If you don't want spoilers and would rather try to reverse engineer it yourself, just read up to the end of the Trace format section and see how much you can figure out on your own.

Getting started#

The starting point for our reverse engineering will be an instruction-level trace of the text decompression routine which Alchemic provided in the IRC discussion.

To interpret it, we will need documentation on the SNES's processor. That unofficial documentation of the 65xx processor family is credited to Mark Ormston and is a surprisingly entertaining read for a processor manual due to its completeness and informal style that you don't expect for such a document; I actually got distracted just reading it while writing this post.

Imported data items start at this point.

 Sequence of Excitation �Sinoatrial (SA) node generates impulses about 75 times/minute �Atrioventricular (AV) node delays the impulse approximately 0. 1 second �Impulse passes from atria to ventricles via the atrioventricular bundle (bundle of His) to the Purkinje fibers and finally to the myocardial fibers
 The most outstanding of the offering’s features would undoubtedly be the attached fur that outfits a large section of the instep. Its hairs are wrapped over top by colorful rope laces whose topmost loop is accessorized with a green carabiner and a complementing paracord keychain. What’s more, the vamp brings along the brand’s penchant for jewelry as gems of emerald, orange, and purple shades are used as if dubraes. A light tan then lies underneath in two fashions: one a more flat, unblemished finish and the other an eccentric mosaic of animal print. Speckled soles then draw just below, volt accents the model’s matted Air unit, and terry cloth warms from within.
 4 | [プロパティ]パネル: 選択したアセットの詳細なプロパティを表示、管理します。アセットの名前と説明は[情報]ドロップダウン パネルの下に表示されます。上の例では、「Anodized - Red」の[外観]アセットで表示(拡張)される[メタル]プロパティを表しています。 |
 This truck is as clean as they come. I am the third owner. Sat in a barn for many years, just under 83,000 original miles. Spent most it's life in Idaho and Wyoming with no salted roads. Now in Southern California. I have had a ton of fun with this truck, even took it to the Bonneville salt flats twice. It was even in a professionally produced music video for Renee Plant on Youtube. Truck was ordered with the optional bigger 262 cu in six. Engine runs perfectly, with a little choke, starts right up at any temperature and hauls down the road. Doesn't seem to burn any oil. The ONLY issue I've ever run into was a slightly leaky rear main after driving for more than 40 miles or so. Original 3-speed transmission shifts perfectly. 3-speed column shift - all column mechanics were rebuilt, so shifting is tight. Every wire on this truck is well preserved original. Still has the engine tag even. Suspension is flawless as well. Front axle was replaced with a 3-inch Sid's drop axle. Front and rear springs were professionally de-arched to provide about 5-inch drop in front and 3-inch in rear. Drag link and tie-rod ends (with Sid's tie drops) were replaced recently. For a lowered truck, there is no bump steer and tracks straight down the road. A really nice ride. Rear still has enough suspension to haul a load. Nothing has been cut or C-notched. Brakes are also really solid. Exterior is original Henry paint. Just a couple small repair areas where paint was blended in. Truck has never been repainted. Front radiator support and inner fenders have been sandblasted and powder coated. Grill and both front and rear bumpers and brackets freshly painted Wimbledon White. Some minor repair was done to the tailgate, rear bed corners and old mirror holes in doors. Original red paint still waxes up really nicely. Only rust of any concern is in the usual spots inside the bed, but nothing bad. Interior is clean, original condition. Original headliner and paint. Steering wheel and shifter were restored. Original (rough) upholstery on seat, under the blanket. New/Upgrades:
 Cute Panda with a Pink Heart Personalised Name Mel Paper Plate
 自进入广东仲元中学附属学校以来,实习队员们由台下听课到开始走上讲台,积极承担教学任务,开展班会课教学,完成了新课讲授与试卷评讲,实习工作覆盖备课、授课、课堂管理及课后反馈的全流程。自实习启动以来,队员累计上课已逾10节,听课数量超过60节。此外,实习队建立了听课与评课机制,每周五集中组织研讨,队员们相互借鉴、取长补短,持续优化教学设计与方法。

The specific 65xx variant used in the SNES is the 5A22 which based on the 65c816, so for the purposes of that document, we are looking at the 65c816.

Trace format#

The trace has one line for each instruction executed:

$80/FE49 9C 22 02    STZ $0222  [$7E:0222]   A:C2D5 X:001D Y:0008 P:envmxdIzc
$80/FE4C E2 20       SEP #$20                A:C2D5 X:001D Y:0008 P:envmxdIzc
$80/FE4E A0 00 00    LDY #$0000              A:C2D5 X:001D Y:0008 P:envMxdIzc
$80/FE51 C2 20       REP #$20                A:C2D5 X:001D Y:0000 P:envMxdIZc
$80/FE53 A9 00 00    LDA #$0000              A:C2D5 X:001D Y:0000 P:envmxdIZc
$80/FE56 AA          TAX                     A:0000 X:001D Y:0000 P:envmxdIZc

The first column is the program counter (PC), the location in the program code where the instruction is. After that is the machine code of the instruction in bytes followed by the assembly mnemonic for the instruction. For some of the instructions, there is an address in square brackets ([]) indicating the actual value for any computed addresses. At the end is the values of the registers and flags before the instruction is executed.

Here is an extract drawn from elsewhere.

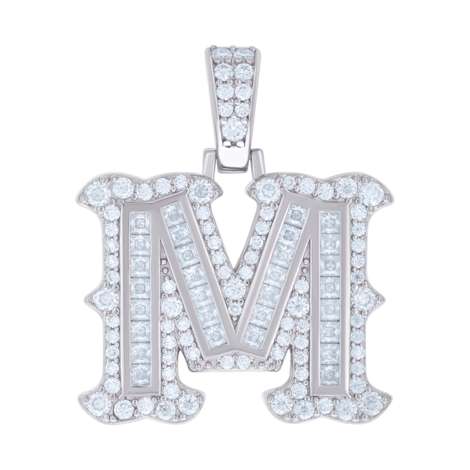 925 Sterling Silver Unisex Baguette Round Moissanite 0.90ct Initial Alphabet M Charm Pendant

This part of the trace uses a feature of the 65c816 processor which is important to be aware of, which is the "Memory size flag" which is listed in the flags as m when clear (memory reads/writes are 16-bit) or M when set (memory reads/writes are 8-bit). SEP #$20 sets the flag putting the processor into 8-bit mode, and REP #$20 clears it, putting the processor into 16-bit mode.

Since this is a trace of what we expect to be a relatively simple and repetitive piece of code, the same instructions should be executed over and over again, which we will know by the PC in the first column being the same. We can search for other instances of the same instruction by searching for its PC, which is particularly useful for finding instances of a conditional branch that go the other way to better understand the branch.

Starting our analysis#

That code quoted above just clears all of the registers and the memory location $7E:0222, presumably because it expects to use those for its temporary values and doesn't want to get confused by whatever previous values they had.

Identifying the variables#

Since we don't have variable names, to get a high-level view of what the code is doing, we will first look at the reads from and writes to memory, and then try to figure out how they relate to each other. Those are done with the LDA ("LoaD Accumulator with value") and STA ("STore Accumulator into memory") instructions which transfer data between memory and the accumulator (register A).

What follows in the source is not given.